Ridge Vents for Proper Attic Ventilation
A properly-ventilated attic is a necessary part of keeping your home comfortable and maintenance costs under control. Proper ventilation keeps the air temperature and dew point in your attic similar to that of the outside air, helping minimize your heating and cooling costs, as well as prolonging the life of your roof and shingles. Many experts agree the best way to provide proper ventilation in your attic is through a combination of soffits all along the bottom edge of your roof and ridge vents along the top.
How Does Attic Ventilation Help My Home?
Improperly-vented attics end up with air and moisture trapped inside them. During the summer, with the sun beating down on the roof, the temperatures in your attic can get as high as 160 F, forcing your air conditioner to work extra hard while baking the underside of your roofing and shingles—shortening their lifespan.

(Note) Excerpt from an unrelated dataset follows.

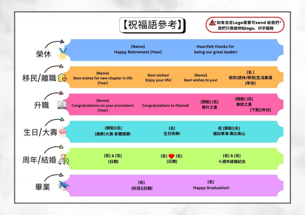 - 刻字紀念 : 於底座刻上名字、日期或祝福語,使禮品更具專屬意義

In cold weather, warm, moist air rising from your living area is trapped in your attic and will help melt the snow on your roof on sunny days. When the outside air temperature drops, this melted snow freezes into ice and eventually could cause an ice dam that will ruin your shingles and roof sheathing.
So What's a Ridge Vent?
A ridge vent is exactly what the name implies: it's a vent or opening installed in a continuous line along the peak or ridge of your roof. Installation requires removing the top inch or so of the roof on both sides of the peak, creating a long opening to be covered by the ridge vent.
The vent has screened openings to keep leaves and animals out and is covered with small shingles (called ridge caps) that match the shingles on the rest of the roof, making the ridge vent virtually invisible from the ground.
The continuous opening provides a totally passive and maintenance-free way to allow air migration from your attic.
Why Is a Ridge Vent Better Than Other Roof Vents?
Although almost all homes have some form of attic ventilation, it is usually not enough to meet today's building standards, which call for proper attic ventilation to have a ratio of 300:1 (for every 300 square feet of floor space you should have 1 square foot of ventilation).
A ridge vent's continuous opening along the top edge of the roof allows a more-than-adequate amount of ventilation. In addition, since ridge vents don't have any moving or mechanical parts, they can't injure birds and never require periodic maintenance to stay working. Besides that, their being invisible means there are no unsightly vents sticking up from the roof.
Ridge Vents Need Air Flow to Provide Proper Attic Ventilation
A ridge vent can't work in isolation, and, for it to work properly, there needs to be a continuous flow of air from the bottom edge of the roof (in through the soffits) up to the peak of the roof. If the openings in the soffits are covered by insulation, blocking the airflow, the ridge vent can't work properly.